O(N) – The algorithm stores unique numbers from the matrix in ascending order, implying a list or set potentially holding all N elements of the matrix in the worst case (where all elements are distinct). It also maintains row and column path length information which requires two arrays (or dictionaries) of size M and K respectively, where M is the number of rows and K is the number of columns. In the worst case, where M and K are proportional to N, the space required for these arrays would also scale linearly with N. Therefore, the auxiliary space complexity is O(N).

Edge Cases

Case	How to Handle
Null or empty matrix	Return 0 immediately as no path can exist.
1x1 matrix	Return 1 as a single cell constitutes a path of length 1.
Matrix with all identical values	The longest path will be of length 1, as no strictly increasing sequence is possible.
Matrix with only negative numbers	The algorithm should correctly identify the longest strictly increasing path regardless of the sign of the numbers.
Matrix with duplicate values that could form multiple paths of same length	The algorithm should return the length of the longest path, regardless of how many exist.
Large matrix (e.g., 1000x1000) leading to potential stack overflow with recursion	Use dynamic programming with memoization to avoid excessive recursion depth and ensure scalability.
Integer overflow when calculating path lengths	Use a data type that can accommodate larger values, such as long, for storing path lengths.
Matrix with extremely large positive and negative numbers	The algorithm should handle extreme values correctly, ensuring the comparisons and updates work as expected without loss of precision or overflow, consider using appropriate data types.

Null or empty matrix

How to Handle:

Return 0 immediately as no path can exist.

1x1 matrix

How to Handle:

Return 1 as a single cell constitutes a path of length 1.

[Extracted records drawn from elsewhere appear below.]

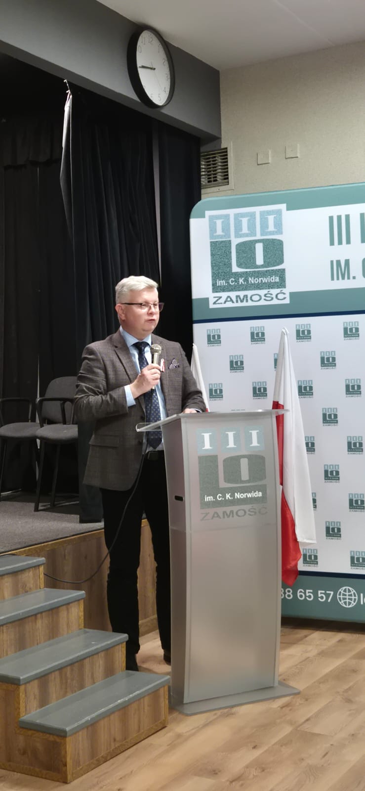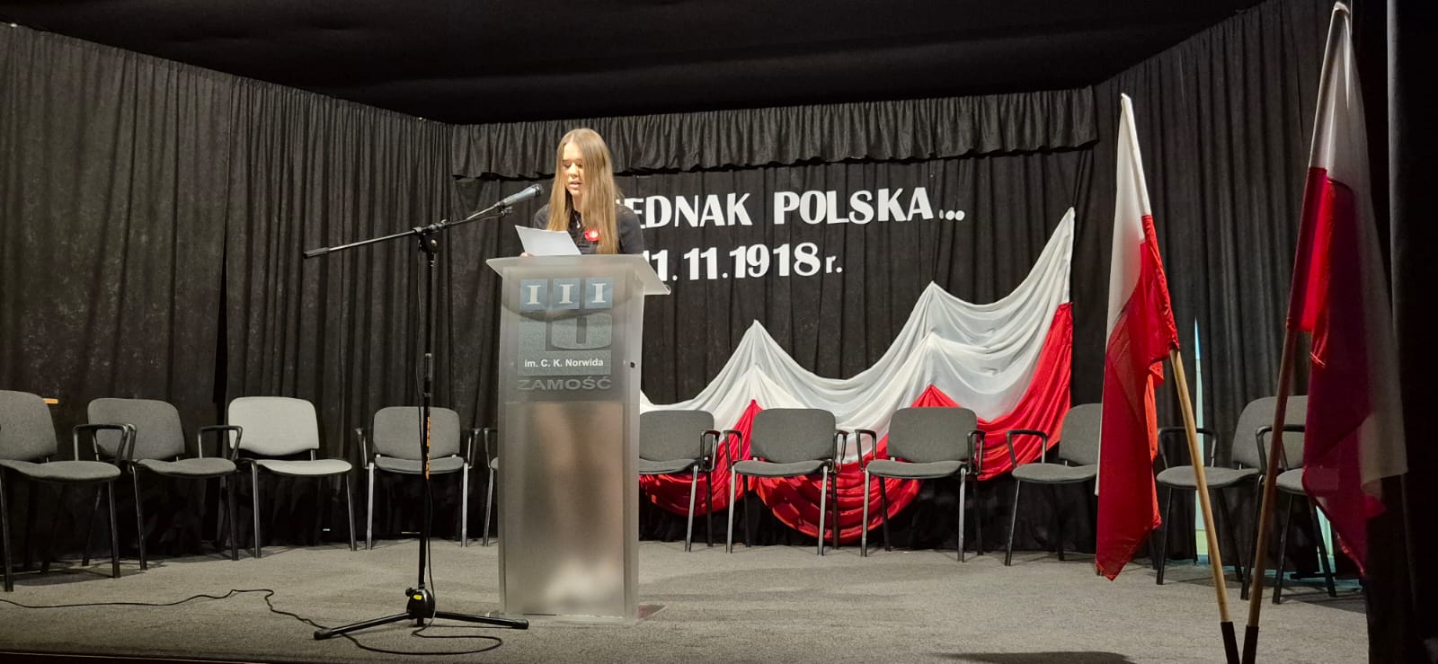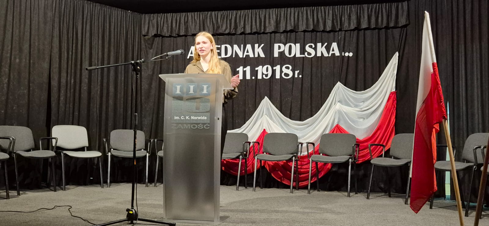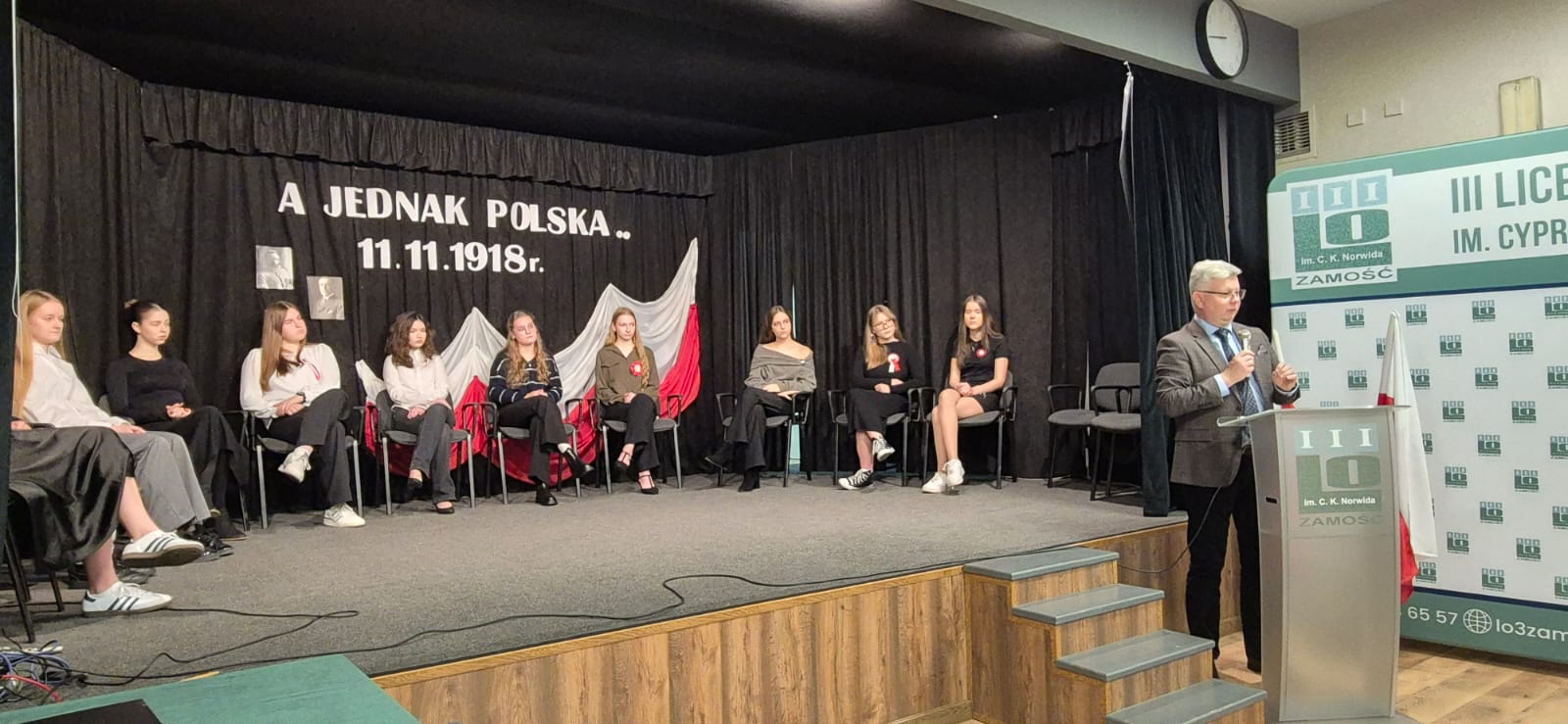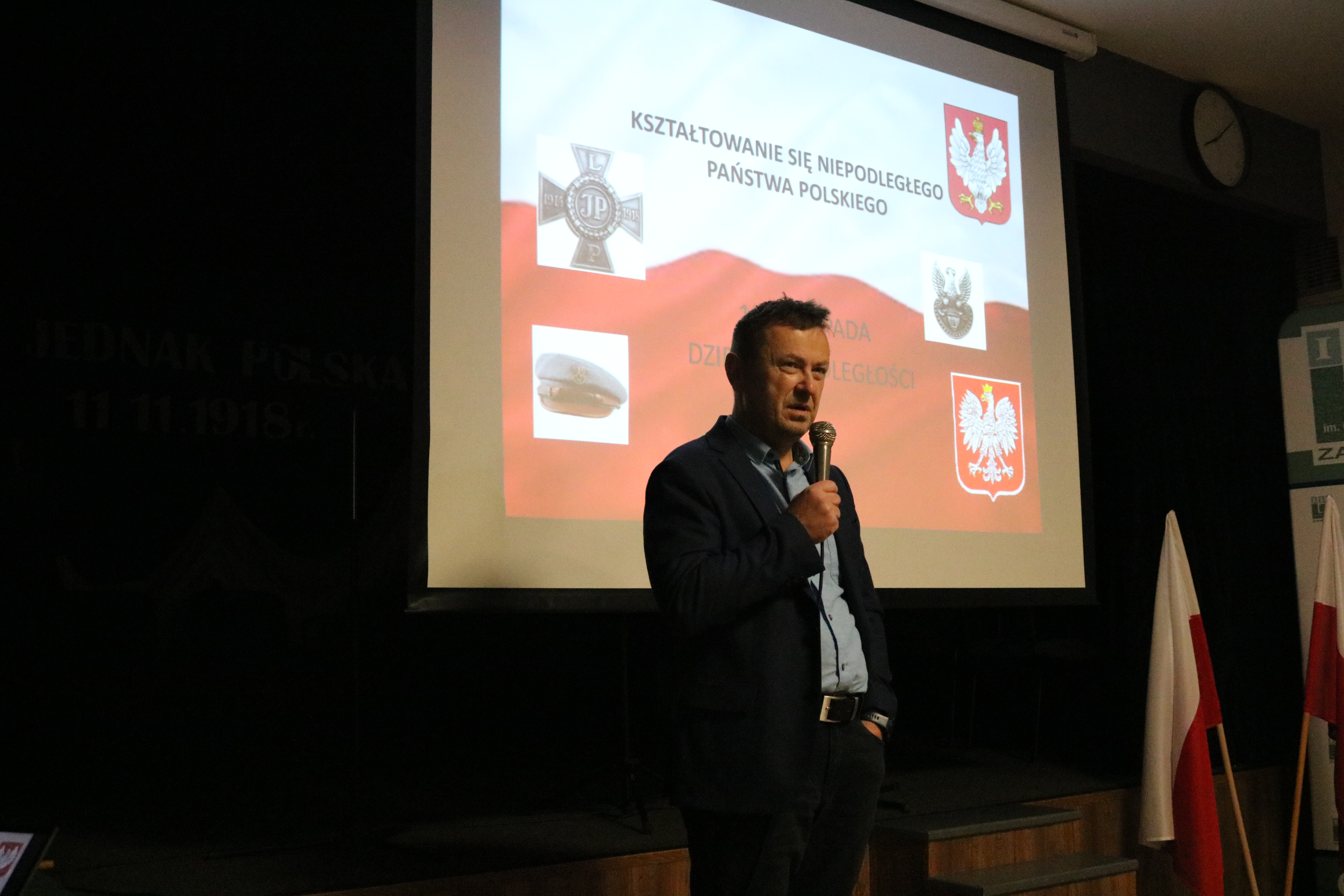 Nasi uczniowie przygotowali z tej okazji część artystyczną wprowadzającą wszystkich w klimat historycznej refleksji. Następnie odbył się wykład prof. dr hab. Roberta Litwińskiego, pracownika naukowego Uniwersytetu Marii Curie Skłodowskiej w Lublinie, gościa honorowego uroczystości, który w ciekawy sposób przybliżył uczniom tematykę niepodległości i walki o wolność Polski.
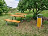 Coșul de gunoi este realizat din lemn de molid. Lemnul este impregnat și acoperit cu un strat de lac. Structura este fixată într-o fundație de beton. Cadrul metalic și inserția coșului de gunoi sunt realizate din oțel galvanizat. Inserția de coș de gunoi este realizată din oțel galvanizat. Toate celelalte elemente metalice sunt, de asemenea, zincate sau acoperite cu duplex strat de vopsea pe bază de pulberi întărite în conformitate cu RAL, pentru a preveni coroziunea.
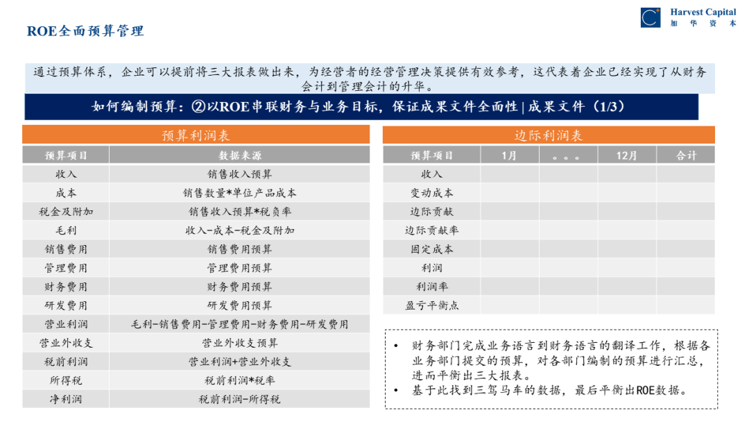重点提示的是,企业除了要平衡出预算利润表之外,企业还需要做边际利润表,更好实现管理。

Matrix with all identical values

How to Handle:

The longest path will be of length 1, as no strictly increasing sequence is possible.

Matrix with only negative numbers

How to Handle:

The algorithm should correctly identify the longest strictly increasing path regardless of the sign of the numbers.

Matrix with duplicate values that could form multiple paths of same length

How to Handle:

The algorithm should return the length of the longest path, regardless of how many exist.

Large matrix (e.g., 1000x1000) leading to potential stack overflow with recursion

How to Handle:

Use dynamic programming with memoization to avoid excessive recursion depth and ensure scalability.

Integer overflow when calculating path lengths

How to Handle:

Use a data type that can accommodate larger values, such as long, for storing path lengths.

Matrix with extremely large positive and negative numbers

How to Handle:

The algorithm should handle extreme values correctly, ensuring the comparisons and updates work as expected without loss of precision or overflow, consider using appropriate data types.